* [DATA FOR THE TASK]
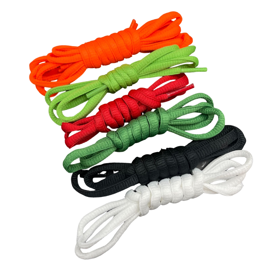 เชือกผูกรองเท้าโพลีเอสเตอร์ทรงครึ่งวงกลมคุณภาพสูง ดีไซน์ทันสมัย พร้อมปลายพลาสติก ความยาว 120 ซม. สีตามสั่ง TW
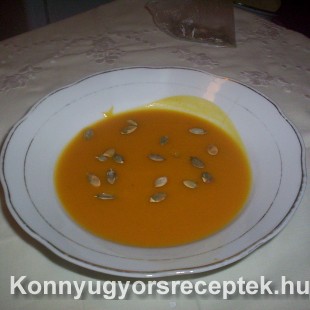 Amikor megpuhult a tök és a krumpli leszűröm a levest és turmixgépben pépesítem a tököt és krumplit, majd ráöntöm a leszűrt levét, hozzáadom a vajat és tejszínt és éppen csak felforralom. Fogyasztáskor pirított tökmagot, napraforgót, vagy kenyérkocát kínálok hozzá.
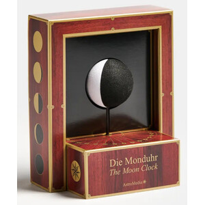 Si l’horloge lunaire d’AstroMedia s’inspire des grandes horloges astronomiques du Moyen Âge, elle est sans doute la première et la seule au monde, en tant qu’horloge murale ou de table, à afficher l’évolution des phases lunaires de cette manière. L’assemblage de ce kit en carton doté d’un mécanisme d’horlogerie spécial est simple et permet d’obtenir rapidement un résultat très raffiné.
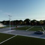 Instalação de postes e iluminarias
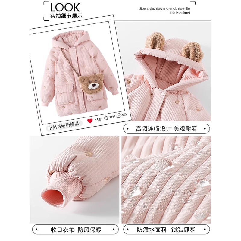 女童中长款棉服2025冬季新款儿童洋气棉衣中大童秋冬加厚羽绒
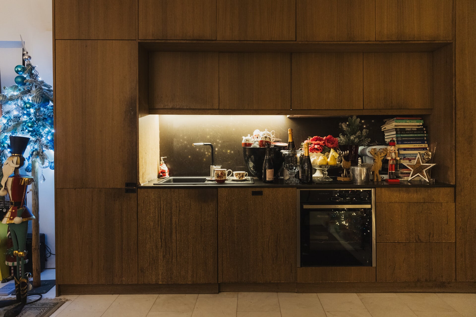 Πέφτει το μάτι μου στο όμορφο σερβάν του. Το περίμενε πάνω από δυο μήνες, γιατί ήρθε από τη Σουηδία. Του αρέσει πολύ το σκανδιναβικό design. Η πολυκατοικία είχε στο δάπεδο τσιμεντοκονία, αλλά ο Χρήστος προτίμησε τα μάρμαρα Άριστον εκ Δράμας, που είναι εξαιρετικής ποιότητας. Οι σκάλες είναι από μαύρο χαλαζία, όπως και ο πάγκος της κουζίνας.
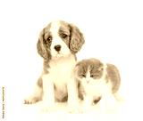 Cavalier King Charles Spaniel sits with tiny kitten. isolated on white background
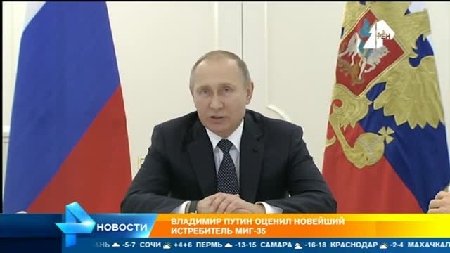 Главе Российской Федерации Владимиру Путину во время видеоконференции с корпорацией "МиГ" продемонстрировали возможности нового истребителя МиГ-35, сообщает ТАСС. По словам российского лидера, серийные закупки нового судна начнутся в 2019 году.
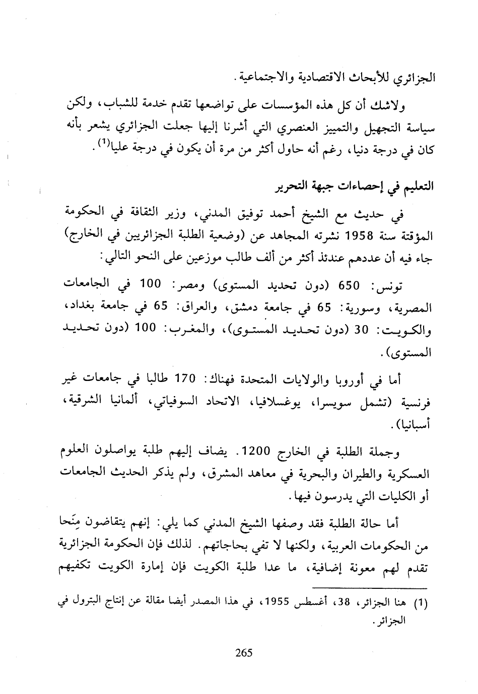 في حديث مع الشيخ أحمد توفيق المدني، وزير الثقافة في الحكومة المؤقتة سنة 1958 نشرته المجاهد عن (وضعية الطلبة الجزائريين في الخارج) جاء فيه أن عددهم عندئذ أكثر من ألف طالب موزعين على النحو التالي:

* [EXERCISE AIM] Using the records above, print exactly the run of lines that starts with the line with "Si l’horloge lunaire" and goes on through the line with "女童中长款棉服2025冬季新款儿童洋气棉衣中大童秋冬加厚羽绒", pictures excluded.

* [ANSWER TO THE EXERCISE]
 Si l’horloge lunaire d’AstroMedia s’inspire des grandes horloges astronomiques du Moyen Âge, elle est sans doute la première et la seule au monde, en tant qu’horloge murale ou de table, à afficher l’évolution des phases lunaires de cette manière. L’assemblage de ce kit en carton doté d’un mécanisme d’horlogerie spécial est simple et permet d’obtenir rapidement un résultat très raffiné.
 Instalação de postes e iluminarias
 女童中长款棉服2025冬季新款儿童洋气棉衣中大童秋冬加厚羽绒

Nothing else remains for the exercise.